Data Quality | Tutorial | Data Quality Management | Data Quality Assessment | Data Quality Issues - YouTube

Channel: unknown

[1]
Hello, and welcome to this data quality tutorial. First, let us understand. What is data quality?
[11]
Now, basically data is of high quality if it does not suffer from data issues.
[17]
There are many possible issues with data. We will see multiple examples shortly.
[26]
Now, data is used for many functions such as operations, customer management, marketing analysis and decision making.
[33]
if the data is of poor quality, there are several problems like wastage of time and money due to incorrect reports, poor decisions and
[41]
frustration.
[42]
Now, let us see examples of data issues.
[46]
First issue is incompleteness. Here is the Customer table
[50]
with columns FirstName, LastName, BillingAddres, Shipping Address and Email.
[56]
For example, Dave has a billing address of 111 Main City street, and the email is [email protected]
[66]
Now, here LastName is missing, Shipping Address is missing and the Email is truncated.
[77]
Robert has the default BillingAddress and
[81]
his ShippingAddress is missing.
[83]
It is also possible that the Customer table misses records that exist in the source data, or the customer table is not updated.
[94]
Second data quality issues is accuracy. Here is the employee table with columns, Name, Position, Department and Email.
[104]
Now, Anna's Position and Department is interchanged.
[110]
Berry's Position has a typo in Software.
[116]
Charles' Department has a junk value.
[122]
The third data quality issue is inconsistency. Here is the Order table with columns, OrderNumber, CustomerId,
[128]
ShipDate and Total.
[132]
Now, the totals are in different currency. This one is in dollars, and this one is in euros.
[141]
The currency should be consistent.
[146]
Fourth data quality issue is Invalidity.
[149]
Here is the Product table with columns, ProductCode, Name, UnitsAvailable and RetireDate.
[159]
Now, UnitsAvailable is negative in this row. Which is impossible.
[166]
Also Widget2 is already retired, but still present in this table.
[173]
The fifth data quality issue is Redundancy. Here is a Customer table with columns, FirstName, LastName and Email.
[183]
Now, the second row is a duplicate of the first row because the email addresses are the same.
[193]
The sixth data quality issue is Non-standard. Here is the Order table with columns, OrderNumber, CustomerID and Total.
[205]
In the
[206]
second row, the total has four places after the decimal point, so it is in non-standard format.
[215]
Now, let us see the process of data quality assurance, which can be used by the data quality analyst.
[224]
It has three main activities.
[227]
First is data profiling.
[230]
It involves exploring the data
[233]
to understand and analyze it.
[236]
Then identify
[238]
the data quality issues and then summarize the data in Table Row counts, blank values, duplicates and so on.
[246]
If the data quality issue is widespread, the data quality is poorer.
[251]
For example, if the Customer table has 2% rows missing, the data quality is higher than if the Customer table has 20% rows missing.
[263]
Data quality can be expressed in data quality metrics such as % Complete, % Accurate, % Conformance.
[271]
(that means conformance to business rules
[274]
like value >= the lower range).
[279]
Now, manual data profiling with SQL queries is effort intensive, so only a small subset of data can be profiled.
[288]
However tools like SQL Server Data Quality Services do not need writing sql queries and
[296]
can run checks on the entire data set quickly.
[302]
The next activity in data QA is Data Cleansing.
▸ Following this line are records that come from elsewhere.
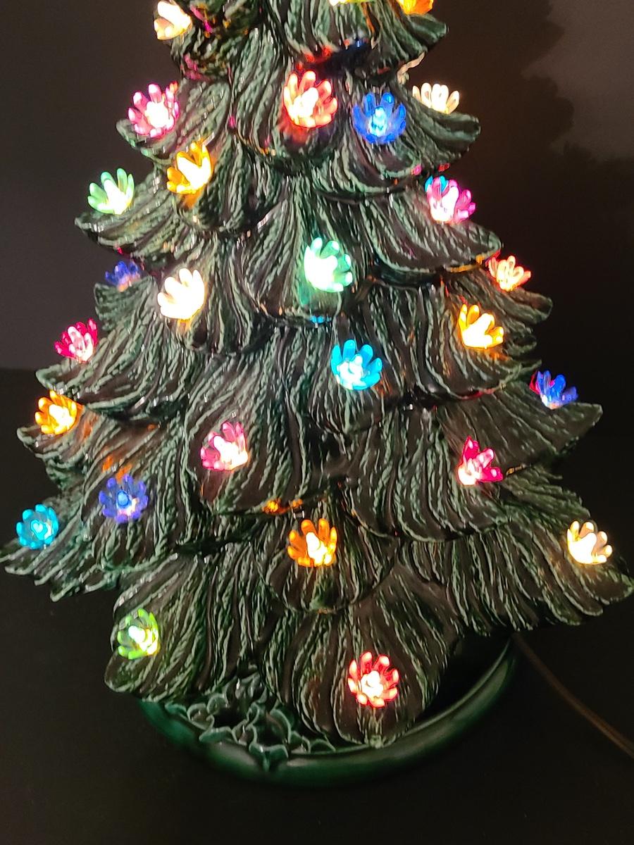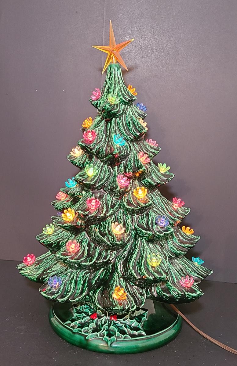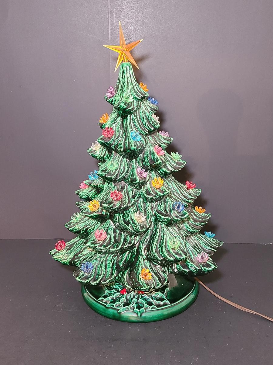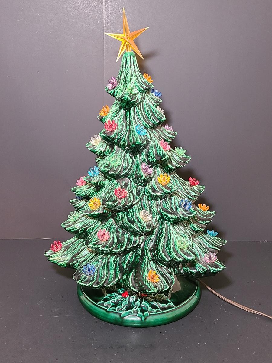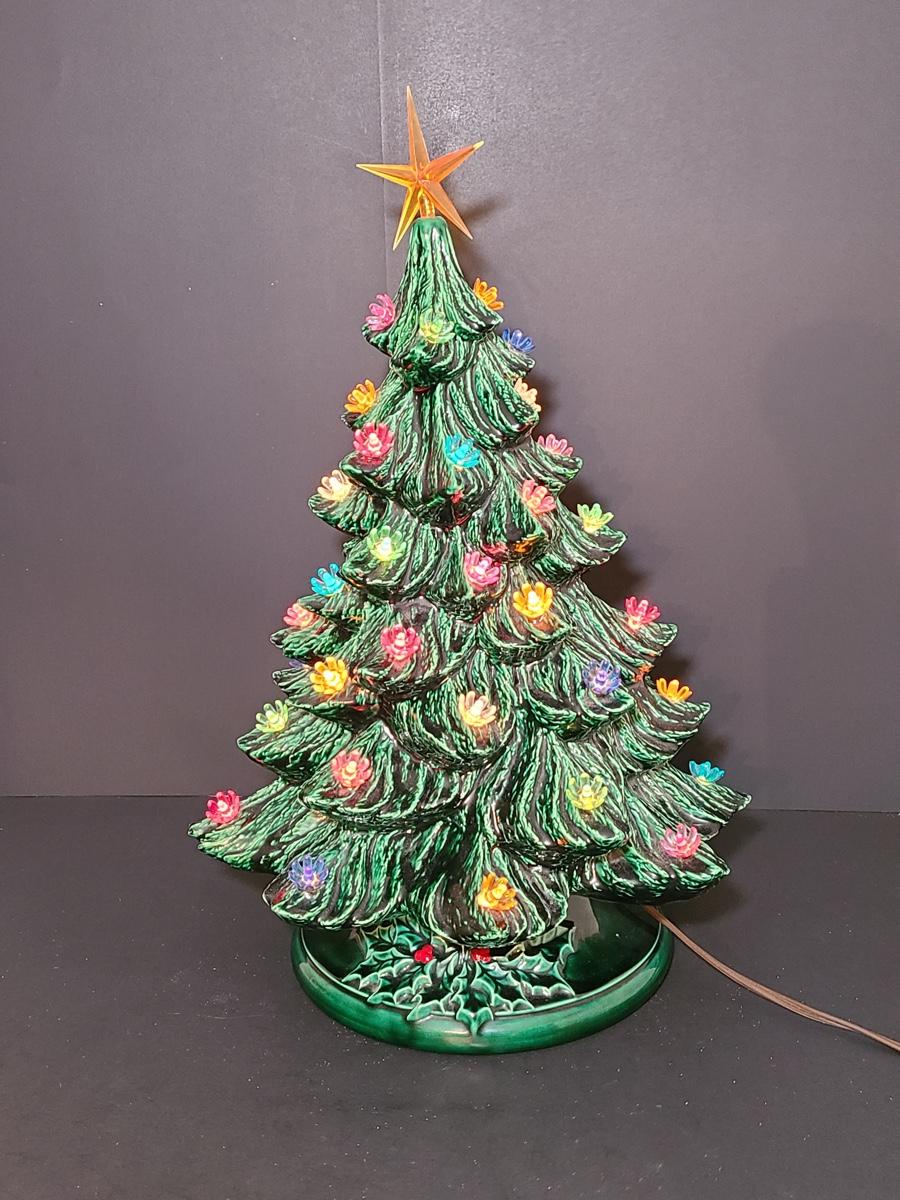 Fun, vintage ceramic tree with lights on base. This is pre-owned with no noticed flaws. Pictures taken from every angle!! The pictures show condition, measurements if taken, and what is included in the lot. Due to the large amount that we photograph and the time frame, we are not always able to take measurements. All items unless noted, are pre-owned and have been used. If you purchased furniture, you must bring help. We do not allow one person to carry large furniture out on their own. Bring help, tools and a truck for the safety of our client’s homes, and your personal safety. Company policy. Thank you.
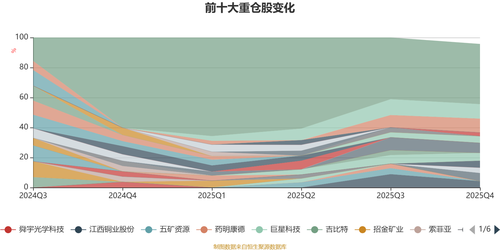 截至2025年末,基金十大重仓股分别是中国黄金国际、紫金矿业、中金黄金、洛阳钼业、招金黄金、华新建材、万国黄金集团、江西铜业股份、云铝股份、赤峰黄金。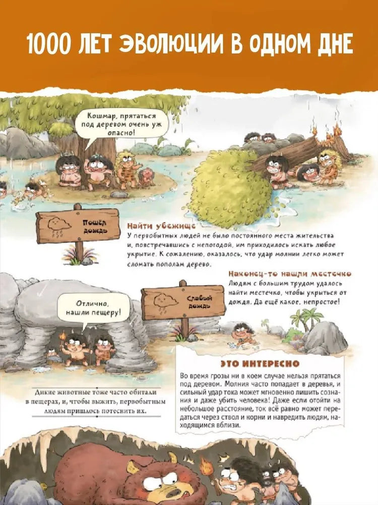 Всё о быте древних людей – в яркой и весёлой энциклопедии для детей! Книги серии детских энциклопедий «Внимание: первобытный человек!» с помощью красочных иллюстраций и весёлого текста рассказывают детям о том, как жили наши древние предки. Как первобытные люди совершенствовали свои укрытия? Как рыли землянки? Как строили жилища на деревьях? Что такое дом на сваях? Следуя за временной шкалой, читатель познакомится с самыми важными вехами эволюции, узнает много интересного о доисторическом мире и даже сможет сравнить распорядок дня древнего человека со своим собственным. Эта книга станет отличным подарком для мальчика и девочки, познакомит с историей наших древних предков, расширит кругозор и поможет на уроках в школе. Познавайте мир – весело и увлекательно!

It involves fixing data issues.
[309]
Simple updates fix data quality issues like misspellings, typos, incorrect formats and missing foreign keys.
[316]
In case of duplicates,
[318]
one of the rows is selected as the Master.
[321]
Data in the duplicate rows is used to enrich the Master or just discarded.
[328]
Selective imports bring in the missing rows.
[331]
Obsolete data is deleted.
[334]
The important point is that due to the risk associated with data changes, such changes are NOT applied to the database directly.
[342]
Each proposed change is listed and
[346]
reviewed by a domain expert also known as the Data Steward.
[350]
The Data Steward approves or rejects proposed changes. Only the approved changes are applied by the Data Quality Analyst.
[362]
The next activity in data QA is data monitoring. The data should be maintained in a clean state.
[369]
Users entering new data check business rules first.
[373]
Users who consume data, submit data quality issues for review.
[377]
The Data Quality Analyst
[380]
runs checkers like parsers, spell-checkers, business rules checkers, duplicate checkers etc. to find out
[388]
data quality issues and submit them to the Data Steward.
[394]
If the Data Seaward lacks in domain knowledge, he or she can use
[399]
pre-built knowledge bases with business rules from multiple domains like address, zip code etc.
[408]
That's all in this video. Thank you and see you in my other videos on Database normalization.